Enfeksiyon oranı köpek populasyonları içerisinde yüksektir ki yüksek enfeksiyon oranı hastalığa karşı antibadi oluşumunu hızlandıracağından sanılanın aksine hastalığa karşı mücadelede bir avantajdır.
Sadece klinik semptomlara bakarak hastalığı teşhis etmek mümkün değildir ve maalesef hastalığın kesin teşhisi için gerekli spesifik antibody testi de ülkemizde bulunmamaktadır.
İnsanlarda olduğu gibi köpeklerde de hastalığın kesin bir tedavisi yoktur ve destekleyici tedavi protokolleri uygulanmaktadır. Dehidrasyona yani su kaybına engel olmak için yapılan serum tedavisi, iyi besleme ve semptomların hafifletilmesi için kullanılan ilaçlar bu destekleyici tedavi protokolleri arasında sayılabilir. Eğer hastalık ağır seyrediyorsa oksijen desteği ve sekonder enfeksiyonlara karşı antibiyotik uygulamaları gerekli olur.
Virüsler akciğer dokusuna zarar verdikten ve akciğer savunma mekanizmaları bozulduktan sonra bakteriler akciğerleri istila eder ve pnömoniye sebep olur.
Sekonder pnömoni şekillenen hastalarda uygun tedavi yapılmazsa hemorajik pnömoni gelişir ve mortalite %50’ye çıkabilir.
Diğer solunum yolu hastalıkları ve pnömonilerden farklı olarak TAMİFLU (oseltamivir) kullanımı bu ilacın antiviral aktivitesi sayesinde özellikle erken dönem enfeksiyonlarda ve virüsle karşılaşmış köpeklerde enfeksiyonun önlenmesinde faydalıdır.
Tedavi sonrası orta seviyeli semptomlara sahip bir çok köpek tamamen iyileşirken ileri ve ciddi formlarda ise mortalite %5-8 olarak kabul edilmektedir.
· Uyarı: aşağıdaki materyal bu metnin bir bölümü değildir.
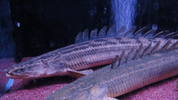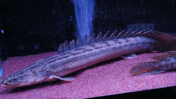 サイズは50cmとしましたがこの個体ももう少し大きいかもしれません。また、上記の個体より長さは少し短いですが太さはこっちの個体の方が少し太くてすごく迫力があります。模様も全体の体色が濃い個体なので、黒底の水槽で飼い込めば濃い緑色が発色すると思います。しかも背ビレも16本ありますので飼い込んで色が出ればトゥルカナのビキールにも見劣りしない素晴らしい個体に仕上がると思います!ただし、現状尾ビレの一部に裂けている部分があります。少しづつ再生してきていますので問題は無いと思いますが、気になる方は画像でご確認ください。

Hastalığı atlatan köpekler en az 2 yıl süreyle astalığa karşı bağışıklık kazanır.
Aşı uygulaması hastalığı tedavi etmez ya da tamamen hastalıktan korunmayı sağlamaz ancak hastalığın daha hafif geçirilmesine yardımcı olur. Ayrıca hasta tarafından saçılan virus miktarını da azaltır yani aşılı hayvanlar hastalığı daha az yayar. Özellikle kennellar ve barınaklar gibi yüksek riskli yerlerde yaşayan köpeklerin ve çok köpeğin bulunduğu parklara sık giden hayvanların aşılanması önemlidir. Kennel cough(bordatella) aşısı canine influenzaya karşı koruma sağlamamaktadır.
Ülkemizde H3N8’e karşı geliştirilmiş aşı bulunmadığı için maalesef her köpek hastalık için potansiyel bir adaydır.
Solunum you semptomları gösteren köpekler diğerlerinden en az 2 hafta ayrılmalı ve köpeğin temas ettiği tüm yüzeyler ve eşyalar dikkatle dezenfekte edilmelidir. Yüzeylerin %10luk çamaşır suyuyla dezenfekte edilmesi yeterlidir. Insanlar da solunum yolu semptomlarına sahip hayvanlarla temas ettikten sonra ellerini yıkamalıdır.
Köpeklerdeki influenzanın insanlara geçebileceğini gösteren herhangi bir bulgu ve insanlarda rapor edilen herhangi bir canine influenza vakası yoktur.
Hastalığa sebep olan virus insanlarda hastalık yapan domuz gribi ve kuş gribi virüslerinden farklıdır.